Network Security, Supply chain, Threat Intelligence

Malicious PyPI ‘requests’ fork hides backdoor in PNG file

Python website. Python is a high-level, interpreted, general-purpose programming language.

A malicious PyPI package based on the popular “requests” package was found to contain a backdoor hidden in a PNG file, security researchers revealed Friday.

The package, “requests-darwin-lite,” is a fork of the legitimate “requests” Python package and was published to the open-source Python repository PyPI on Friday, according to

The package was quickly detected by Phylum’s automated risk detection platform, and the supply chain security company published its blog post on the suspicious discovery later the same day.

The “requests-darwin-lite” package’s file contains an item called “PyInstall” that is executed upon installation. When run on macOS systems, PyInstall decodes and runs a base64-encoded command that looks for a specific system universally unique identifier (UUID), suggesting the package creator had a specific intended target or was using the package for testing, the Phylum researchers said.

If the UUID of the system matches the UUID specified, the package then reads from a PNG file with a similar name to that of the legitimate “requests” logo. This “docs/_static/requests-sidebar-large.png” file is about 17MB — much larger than the original 300KB logo size — and hides Golang binary flagged on VirusTotal as an OSX/Sliver backdoor by more than a dozen anti-virus programs.

Sliver is an open-source command-and-control (C2) framework similar to Cobalt Strike that is intended to be used by cybersecurity professionals for red team exercises. Sliver is increasingly being used by threat actors due to being less well known and less likely to be detected compared with Cobalt Strike, according to Phylum.  

The “requests-darwin-lite” creator added the Sliver binary to the PNG, apparently as a form of steganography to disguise its presence. Despite the large file size and unusual contents, the file would be recognized as a PNG by other software and render normally as the “requests” logo to the end user as well.

The Phylum researchers found that the first two versions of the package were removed by their original author and replaced with two subsequent versions that did not attempt to run the malicious Golang binary upon installation — in fact, the final version had both PyInstall and the malicious PNG contents removed entirely, rendering it benign, the researchers wrote.

Regardless, all versions of “requests-darwin-lite” were removed immediately from the PyPI repository after being reported by the Phylum team. The package was downloaded a total of 417 times prior to its removal, according to PePy.

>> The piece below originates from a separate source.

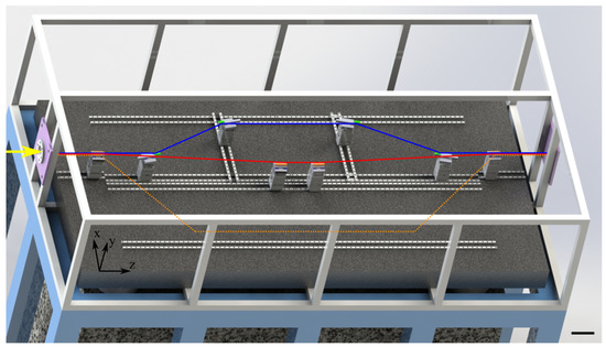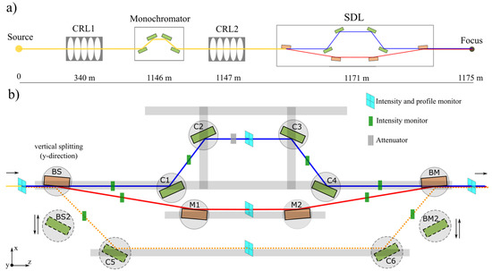 Due to the difficulty in the fabrication of high-quality thin crystals, and the thermal deformation at high heat load [8], the hybrid SDL uses the wavefront splitting scheme to split the beam. As shown in Figure 1b, the entire system lies horizontally on an optical table (the x–z plane). The multilayer beam splitter (BS) splits the XFEL pulses vertically into two sub-pulses (in the y-direction). For this purpose, the effective part of the BS and BM are half as tall as that of the others. After BM, the sub-pulses travel either via the first branch composed of 4 silicon crystals (C1–C4) or the second branch composed of two multilayers (M1–M2). Their path length can be varied by sliding the stages (circular region) along the guide rails (shadowed paths), or by moving the stages via their x- and z-freedom. Eventually, the sub-pulses are merged by the multilayer beam merger (BM).

The purpose for checking the system’s UUID before deploying the backdoor, and the reasons for removing the earlier versions of the package from PyPI, remain a mystery, the Phylum team concluded in its blog post.

“Maybe they left up the version with the malicious binary because they intended to depend on it from another package at some other time, or perhaps even pull it form another piece of software down the line,” the Phylum Research Team wrote. “Either way, we have yet another example of attackers resorting to more evasive and complex techniques to distribute malware in open source ecosystems.”